I was actually born in 1952. The date and month as given on certificates are however correct. It was the year when first for time people after independence went to cast their votes thus handed over their constitutional sovereignty to their representative. My father, despite ‘Nehru wave’ at that time, contested the elections and lost because of the two palpable reasons. First, because I was born at a time, when my mother was suffering from high fever and deadly small pox. And second, because my elder brother, who was 6 years old, had terrible attack of polio and became almost impaired forever upsetting my father’s hectic election campaign. I still remember my mother’s insubstantial decree, ‘rajaneeti hamaare liye ashubh hai’ (politics is not bliss for us.) Later on, after more than two decades of my own active political indulgence, I consequently feel the integrity of my mother’s tender sentence, who later died of cancer when I was 12 years of age.

I was then a child by all standards and deeply attached to my mother when I saw death approaching her. First it took away her voice and ultimately at one early morning, picked her up. Same day, when my mother died, I lost a nail cutter, I had used previous evening to polish her nails.


Anyway, I was talking about official documents. It shows Singh Uday Prakash, born in 01/01/1951 at village Sitapur, District Shahdol, Madhya Pradesh. The truth is, when I was born, there was no such province like M.P. on India’s map. There were Mahakaushal, Madhya Bharat, Vidarbha, Vindhya Pradesh and others. Madhya Pradesh was created when I was already 4 years old and I was put in to it by the government. Again, when I was more than 50 years old, a new state and many more districts were extracted from the earlier ones and I now find myself in district Anuppur, M.P. at the border of Chhattisgarh, the newly formed state.

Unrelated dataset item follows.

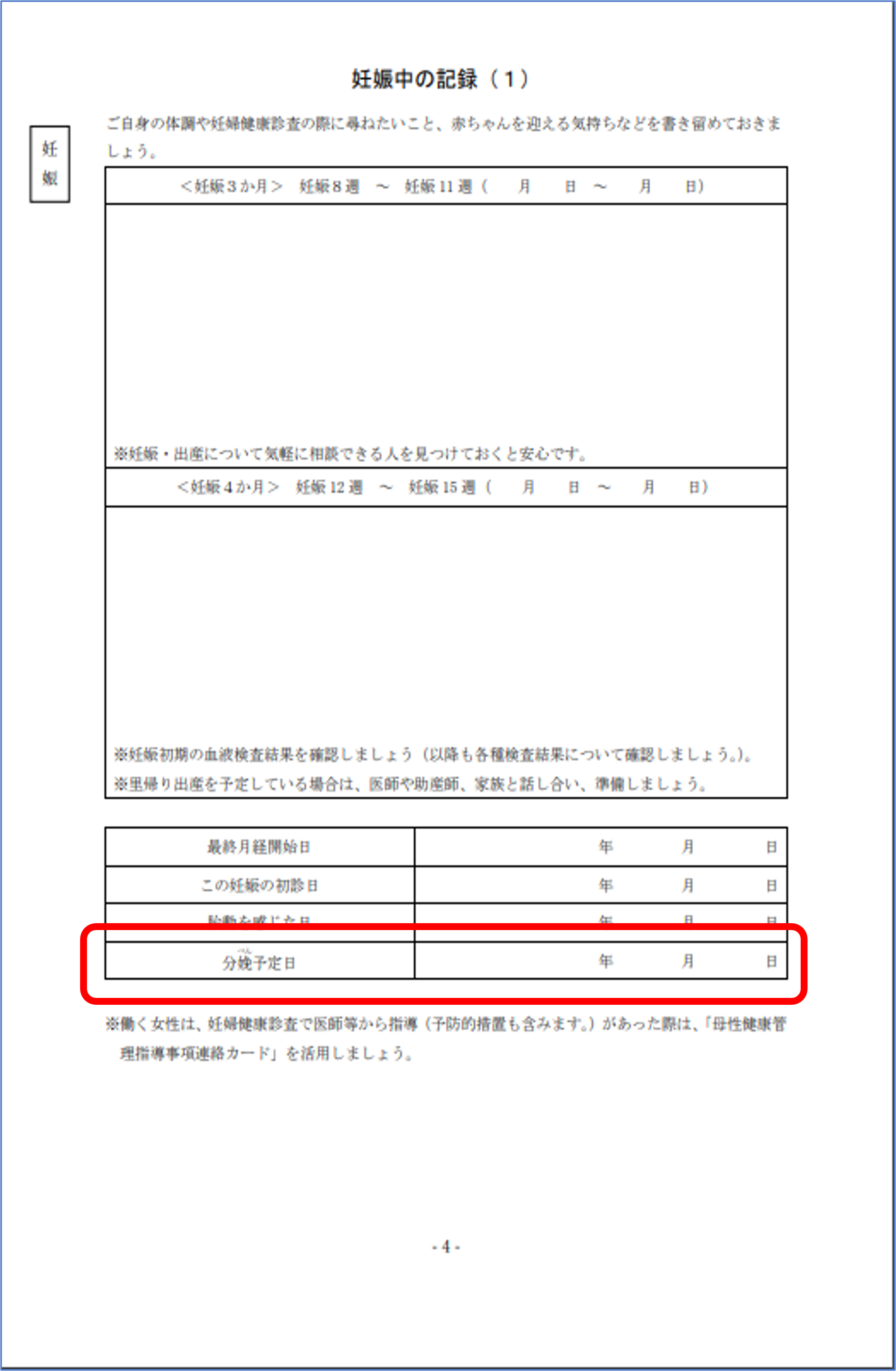 母子健康手帳に分娩予定日が記載されたページの例

And about the prefix of my name –‘Singh’, I have never used it personally for the last 40 years, I’ve never composed a poem or stories using this prefix, even my children do not carry this stigma of caste in their names, abominably I always found it indelibly inscribed even before I start existing in my own name.

Therefore, authorized documents related to me (and to many like me) do not supply the truth. I think, this is the reason that I’ve developed an innate, instinctual and robust skepticism about all sorts of papers known as ‘formal’, ‘official’ ‘authorized’ ‘governmental’ documents.

This could have as well been the genesis of my suspicion towards anything which is known to have authority, political or other sorts of formal power.

I feel convincingly that this innate suspicion inside me is the devil that has wrecked my life but I don’t know how to wriggle out of its clutches

I’ve put my two photographs one with my favorite bicycle and other in my favorite shirt. These two are taken in year 1964 and 65. Printed and developed by me in village.